The interface itself, which is based on NCSA Mosaic, allows a number of operations on the archive: selection of specific database tables or views to be accessed; browsing of the catalogue (database tables or views) by specifying query constraints inside forms to be filled by the user; possible editing of the resulting SQL query; display of the results in a HTML page; graphical visualization of the numerical results derived from a query; display of quick-look 2-D images and finding charts; display of quick-look 1-D graphs (e.g., extracted spectra); and retrieval of observational data from the data bank.
The structure of the system is shown in Figure 1. Users access the archive through a Mosaic interface; at the host node, the http messages coming from the interface are interpreted by a Protocol Handler, and different specialized servers can be started:
In keeping with the concept of the WWW, this system allows access to archives of data distributed over the Internet.

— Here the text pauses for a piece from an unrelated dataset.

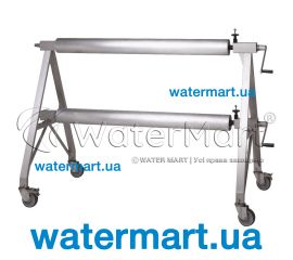 Мобильный наматывающий механизм с высокими стойками (диапазон регулирования по высоте оси вала от 1100 мм до 1500 мм) DEL MANUAL REEL SYSTEMS | VEGA Max W-ENPT0120 | 4-6 x 13 m. Применяется для сматывания / хранения солярной пленки для плавательных бассейнов размером 4,6 х 13 м.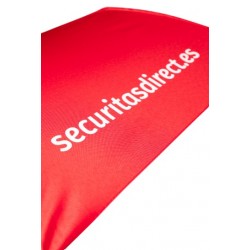 Paraguas de 8 paneles de apertura automática, varillas metálicas en color negro, tira con cierre de velcro.

From a logical point of view, it makes no difference if the archive is local or remote: the pointers to the data are stored in the database and, once accessed, are fed back to the interface for standard WWW access. If necessary, the Protocol Handler sends a message asking the remote archive to perform some specific action which may be required (e.g., storing files to be transferred in a specific world-readable directory, running a dedicated process to perform format conversion on archive data, or packing data in a compressed tar file).
The SQL Server uses standard SQL calls to access the database in retrieve mode, therefore guaranteeing independence from the SQL dialect used by the specific DBMS. It is, however, another feature that allows the system to be fully general: all of the interface information is dynamically stored in the database and is retrieved when needed to build on-the-fly Mosaic interface pages.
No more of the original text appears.